Pushed by extensive billboard and screen advertising, the IAA became a mass event, with more than 600,000 visitors in 1934. In his inaugural speech, Hitler promised the construction of a cheap, simple car for the masses. He also proclaimed the idea of economic autarky, illustrated by the display of wood gas generators based on the patent of Georges Imbert or a steam car designed by Henschel. Nevertheless, the launch of the stream-lined Tatra 77 attracted greater attention.
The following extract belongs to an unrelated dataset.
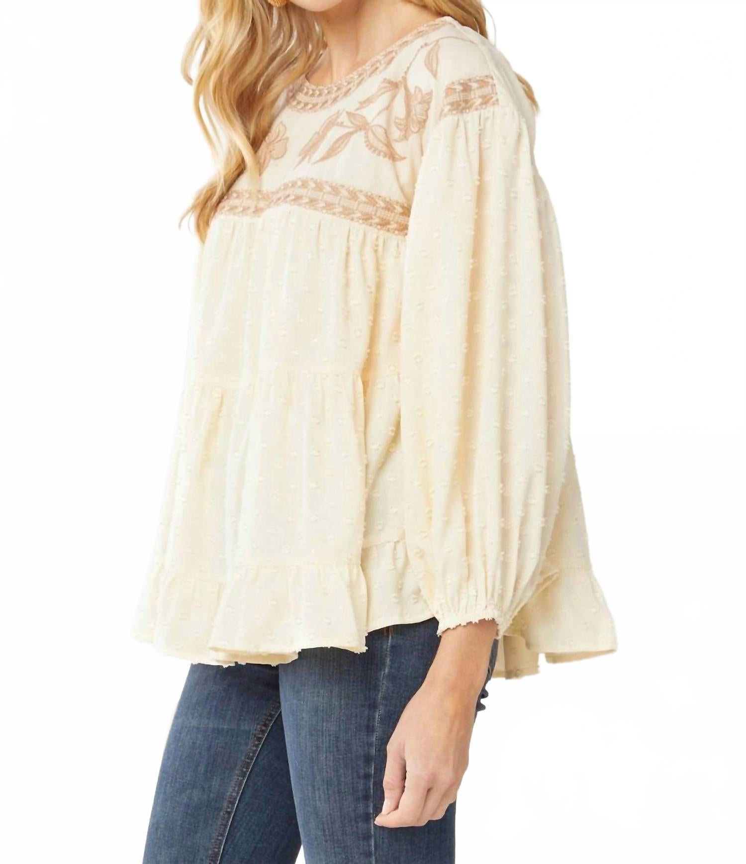 Блузка в стиле бохо-шик, которая никогда не выйдет из моды. Ощутите стиль бохо-шик с вышитой блузкой Entro Swiss Dot натурального цвета. Эта женская блузка с длинными рукавами 3/4, эластичными манжетами и изысканной вышивкой на классической полиэстеровой ткани с рисунком «швейцарский горошек» украшена. Эта легкая модель с многоярусным лифом, оборками по низу и А-образным силуэтом идеально подходит для летнего отдыха. Застежка на пуговицы. Уход: ручная стирка или химчистка. Размеры: для маленькой груди: 38 дюймов (91 см), длина 26 дюймов; для средней груди: 40 дюймов (102 см), длина 26 дюймов; для большой груди: 42 дюйма (102 см), длина 26 дюймов.

The manufacturing of the people's car (Volkswagen) remained the central issue of the following exhibitions. In 1939, the KdF-car was presented for the first time, which later came to be known as the Beetle. The 29th installation of the event gathered a total of 825,000 visitors - an all-time record at that time. This was the last IAA before it was again suspended during World War II.

==2000==
The 2000 show was the last Berlin Motor Show, with over 200,000 visitors.

- Audi A4 Sedan
- Opel Zafira 1.6 CNG

==1998==
In 1998, the AAA was held at the Berlin exposition area between October 17 and 25.